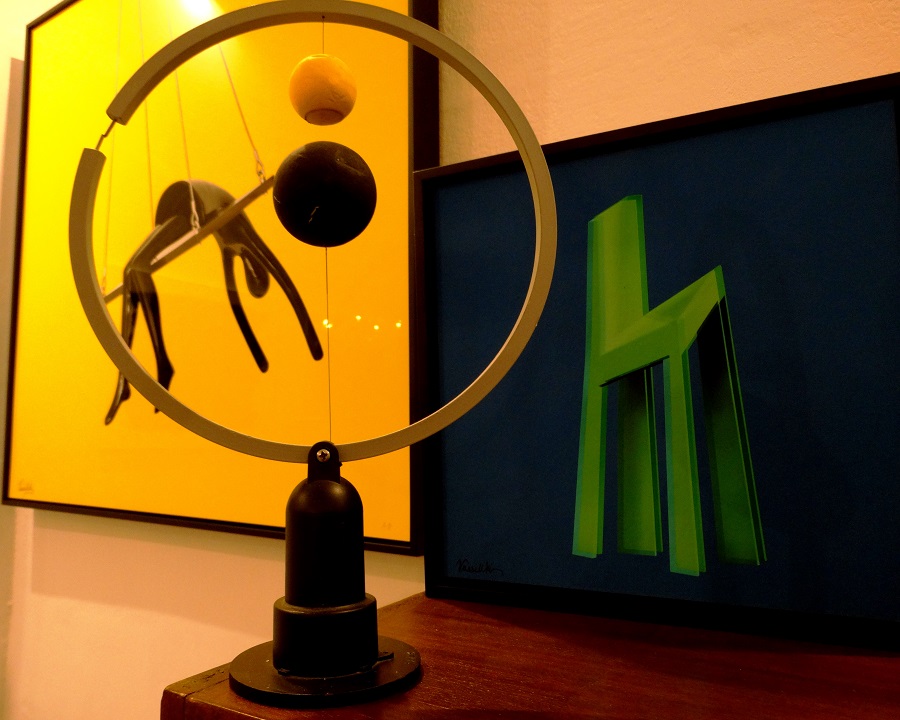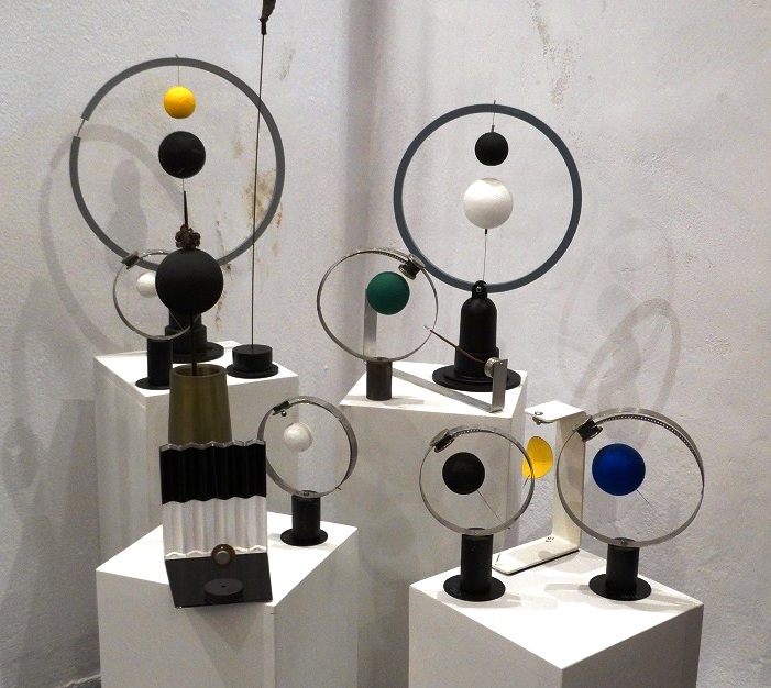 Μαγνητικό γλυπτό του Τάκη - τίτλος antigravity ή αντιβαρύτητα. Πίσω δόο πίνακες τηε διάσημης ελληνίδας εικαστικού Βασιλικής (φωτ. Εν Άνδρω).
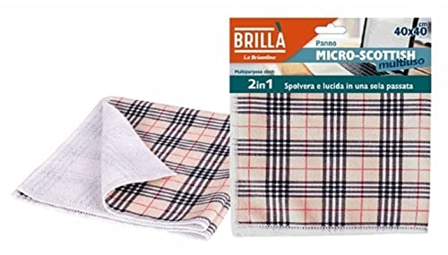 La Briantina Scottish dammduk av mikrofiber, dubbel åtgärd, damm- och glänsande, för skärmar och silver, återanvändbara, 40 x 40 cm
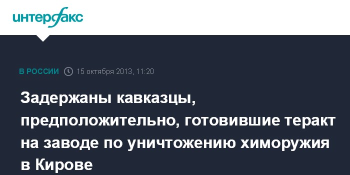 Задержаны кавказцы, предположительно, готовившие теракт на заводе по уничтожению химоружия в Кирове
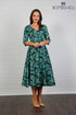 This midi length dress comes in a beautiful stretch cotton fabric featuring sea green watercolour roses. It's perfect for formal occasions and would be a stunning Mother of the Bride or Groom Dress, or look fabulous worn to Goodwood Revival.
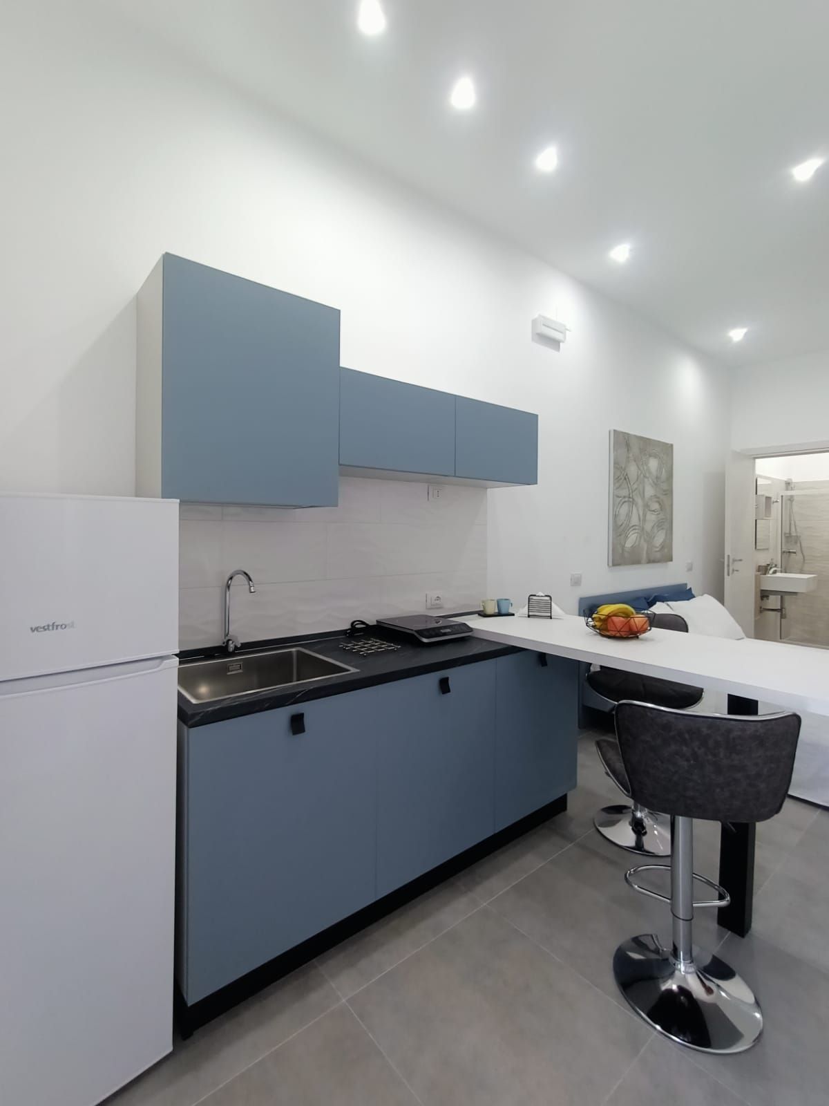 Apartment of about 40 square meters; it has a comfortable double bedroom and a large living room. Ideal for couples or families with small children who can use the front internal courtyard of the structure equipped with sofas and comfortable seats. The apartment has a kitchen and living room with a TV with a comfortable living area with a sofa that can accommodate two comfortable single beds. The apartment is located on the ground floor of our building and is equipped with bedding and bath linens.

※ ※ ※

### About this task
Set down exactly the lines from the start of the records through the line containing "Задержаны кавказцы, предположительно, готовившие", both included, and omit the pictures.

### Reply
 Μαγνητικό γλυπτό του Τάκη - τίτλος antigravity ή αντιβαρύτητα. Πίσω δόο πίνακες τηε διάσημης ελληνίδας εικαστικού Βασιλικής (φωτ. Εν Άνδρω).
 La Briantina Scottish dammduk av mikrofiber, dubbel åtgärd, damm- och glänsande, för skärmar och silver, återanvändbara, 40 x 40 cm
 Задержаны кавказцы, предположительно, готовившие теракт на заводе по уничтожению химоружия в Кирове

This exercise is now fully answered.